CONCORDIA CENTER FOR SPIRITUAL LIVING
September 24, 2017
Lesson Title: Gratitude a Spiritual Practice - We Get That!
Led by: The Concordia Teens
Making Gratitude a Spiritual Practice
“If the only prayer you said in your whole life was, ‘thank you,’ that would suffice.”–Meister Eckhart
“Gratitude is one of the chief graces of human existence and is crowned in heaven with a consciousness of unity.”
-Ernest Holmes, The Science of Mind
“In the past I always thought of gratitude as a spontaneous response to the awareness of gifts received, but now I realize that gratitude can also be lived as a discipline. The discipline of gratitude is the explicit effort to acknowledge that all I am and all I have is given to me as a gift of love, a gift to be celebrated with joy.”
“Gratitude is your expression of acknowledging the oneness of universal energy working in cooperation with your desires.”
“Our gratitude liberates an energy within us that immediately expands into the formless substance, where it is instantly returned to us in kind.”
“Clearly, one of the major obstacles to our experience of gratitude is the habit we have of sleepwalking through life. The truth is that we are never lacking for blessings in our lives, but we are often lacking in awareness and recognition of them.”
–Rev. Diane Berke, Ph.D., Founder, One Spirit Learning Alliance
“A thankful person is thankful under all circumstances. A complaining soul complains even if he lives in paradise.”
"The grateful outreaching of your mind in thankful praise to the Supreme is a liberation or expenditure of force; it cannot fail to reach that to which it is addressed, and the reaction is an instantaneous movement towards you."
“If you love everything, you will perceive the divine mystery of things.”
“I thank You God for most this amazing
day: for the leaping greenly spirits of trees
and a blue true denim of sky; and for everything
which is natural, which is infinite, which is yes.”

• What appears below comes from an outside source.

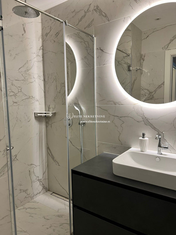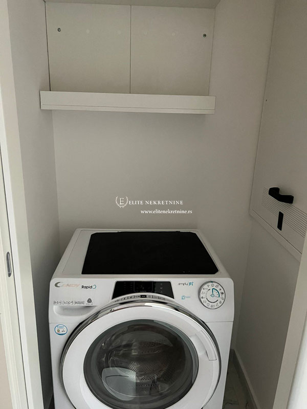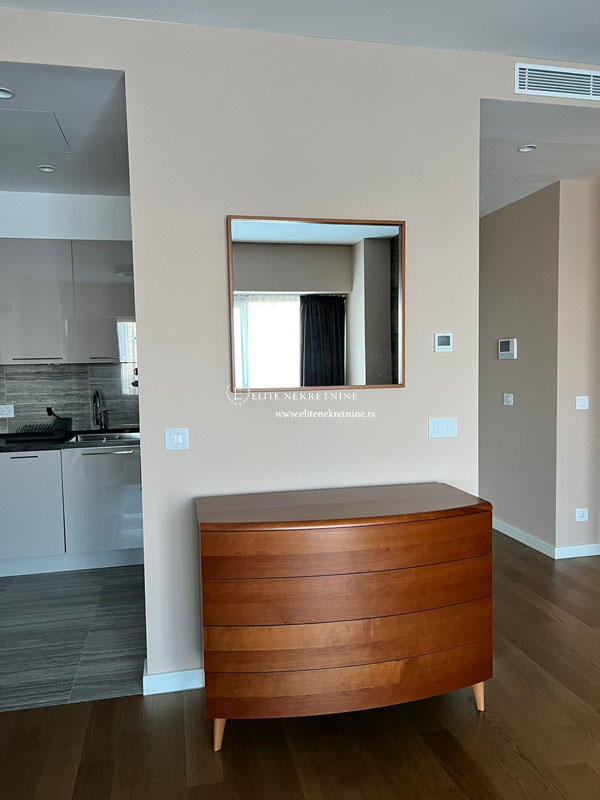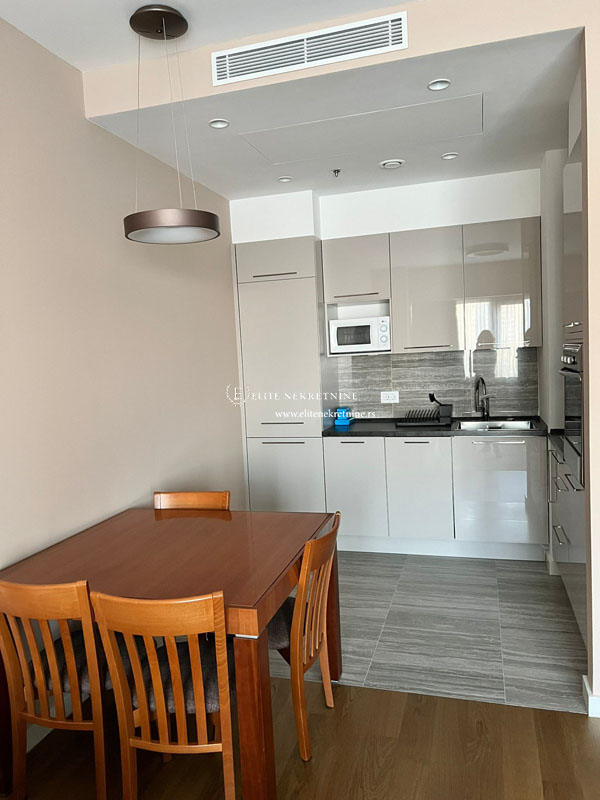 Stan je potpuno opremljen, kvalitetnim nameštajem i tehnikom, vrlo je komforan open space - dnevni boravak sa trpezarijom i kuhinjom, spavaća soba i kupatilo. Zahvaljujući velikim staklenim površinama, obezbeđeno je puno dnevne sunčeve svetlosti.

Once we begin to notice all the opportunities to be grateful, how do we go about making it a spiritual practice? Here are a few suggestions:
We can set an intention to practice grateful seeing throughout the day, looking for the good in our experiences. A gratitude journal is a great tool for recording these observations, as is sharing them aloud with another person.
Verbally expressing our gratitude is important. Saying “thank you” to our partner for taking out the trash or to someone who helps us in the grocery store creates a ripple effect that spreads the positive energy out into our immediate circles and beyond. When possible, tell the person specifically what you appreciate about them. The atmosphere tangibly shifts when we make these brief, heartfelt acknowledgments..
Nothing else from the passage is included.